Radomsko: Supermama na obcasach? Lidia Kowalska zapewnia: Da się!

mk
Lidia Kowalska staje na głowie, by pogodzić pracę, rolę żony i matki trójki dzieci, ale uważa, że decyzja o założeniu rodziny była jedną z najlepszych w jej życiu
Lidia Kowalska staje na głowie, by pogodzić pracę, rolę żony i matki trójki dzieci, ale uważa, że decyzja o założeniu rodziny była jedną z najlepszych w jej życiu fot. Archiwum prywatne
Aktywna zawodowo mama jest najbardziej wydajnym pracownikiem...- przekonuje Lidia Kowalska, dyrektor consultingu w firmie SKB Drive Tech w Radomsku. Matka trójki dzieci radzi, jak pogodzić pracę z życiem rodzinnym. Jej się to udaje i zapewnia, że wystarczy chcieć...

Weronika ma 7 lat, chodzi do pierwszej klasy, a już lubi łamać sobie głowę nad logicznymi grami, a nawet gra z tatą w szachy. Hania ma 5 i pół roku. Widać, że ma artystyczną duszę, lubi malować, jest bardzo kreatywna, na spacerach kształty chmur porównuje do uśmiechniętych domków, a drzewa do serduszek. Baczna obserwatorka świata jest bardzo podobna do mamy, a jej starsza siostra do taty. Aleksander dopiero raczkuje, to radosne i samodzielne dziecko.

Cała trójka to mnóstwo szczęścia dla rodziców, ale pracy tyle, co etat w niejednej firmie. Supermama - Lidia Kowalska jednak przekonuje, że daje radę i poleca… połączenie wychowywania dzieci z intensywną pracą zawodową. Właśnie dlatego została zaproszona na spotkanie w bibliotece w ramach projektu Enter (to) Entrepreneurship, by dać energicznym kobietom z Radomska inspirację do wejścia w świat przedsiębiorczości i wytłumaczyć, jak aktywnie łączyć życie prywatne z karierą.

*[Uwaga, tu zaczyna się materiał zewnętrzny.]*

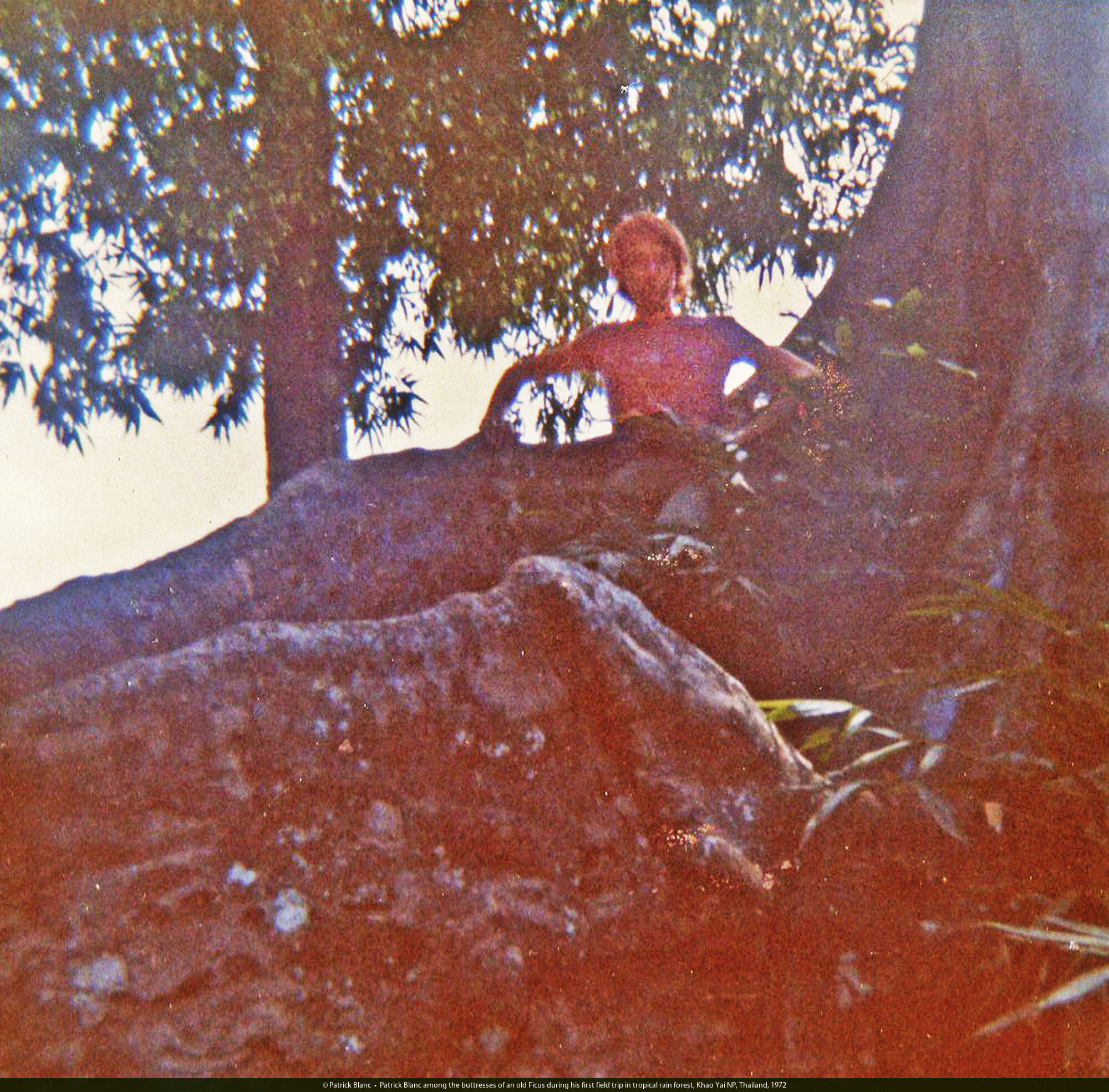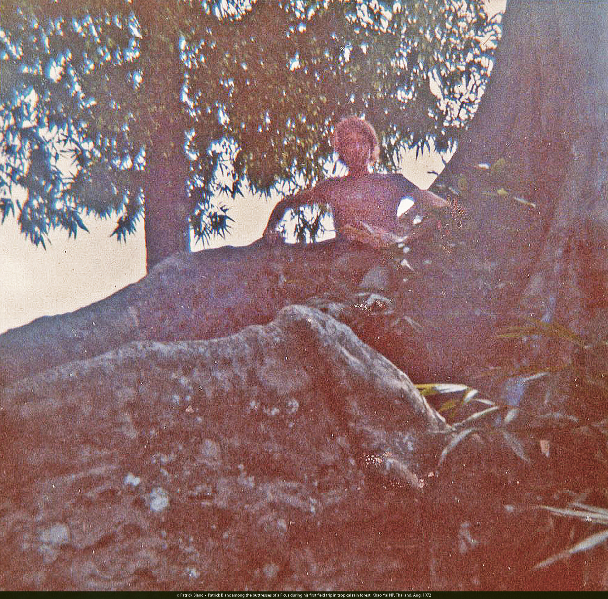 Patrick Blanc among the buttresses of a Ficus during his first field trip in tropical rain forest, Khao Yai NP, Thailand, Aug. 1972

Pani Lidia jest dyrektorem controlingu w firmie SKB Drive Tech. Absolwentka zarządzania na AGH i Akademii Controllingu Finansowego przy SGH prowadziła już własne przedsiębiorstwo, a dzisiaj jest jedną z osób zarządzających dużym zakładem produkcyjnym. Jak opowiada, założenie rodziny było świadomą decyzją jej i jej męża. Oboje w swoich rodzinach byli trzecim z kolei dzieckiem, więc taki plan sobie założyli - trójka. Plan zrealizowany, ale wymagało to wiele starań i wyrzeczeń, a kolejne jeszcze przez nimi. - Teraz, kiedy siadamy razem, całą nasza piątką i jest tak wesoło. Wiemy, że to była super decyzja - mówi pani Lidia.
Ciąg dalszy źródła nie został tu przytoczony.